• _Input data_
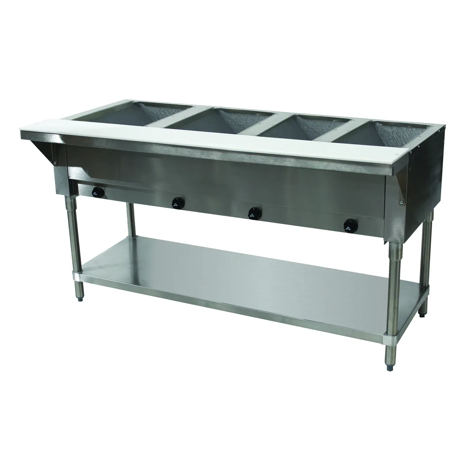 Constructed with a stainless steel top, the Advance Tabco Hot Food Table promises longevity and easy maintenance. The stainless steel 8D support shelf, complete with a removable 3/8" thick poly cutting board, provides additional workspace and convenience, making food preparation more efficient. The galvanized open base with an undershelf offers ample storage space for your kitchen essentials.
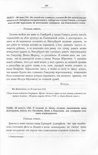 Высочайшие указы и повеления Императора Петра I, данные правительствующему сенату. О посылке в Литву, согласно предложению князя Долгорукова, войск из Смоленска, Киева и Курляндии, для усмирения польских конфедератов. Из Копенгагена, августа в 25 день 1716 // Из архива правительствующего сената.
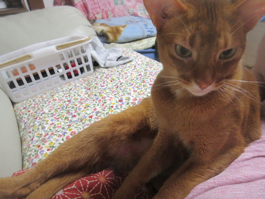 するとアビのすけ、舐め舐めするのをストップして、私の顔を見て、「何か文句でもあんの…?」みたいな顔…、「いえいえ、皮膚炎を舐めてないんだったら、文句はございませんよ。」と私。

• _Exercise goal_
Return only the lines from the one that contains "Высочайшие указы и" through the closing line of the data, inclusive, reproduced exactly and with every picture left out.

• _Exercise answer_
 Высочайшие указы и повеления Императора Петра I, данные правительствующему сенату. О посылке в Литву, согласно предложению князя Долгорукова, войск из Смоленска, Киева и Курляндии, для усмирения польских конфедератов. Из Копенгагена, августа в 25 день 1716 // Из архива правительствующего сената.
 するとアビのすけ、舐め舐めするのをストップして、私の顔を見て、「何か文句でもあんの…?」みたいな顔…、「いえいえ、皮膚炎を舐めてないんだったら、文句はございませんよ。」と私。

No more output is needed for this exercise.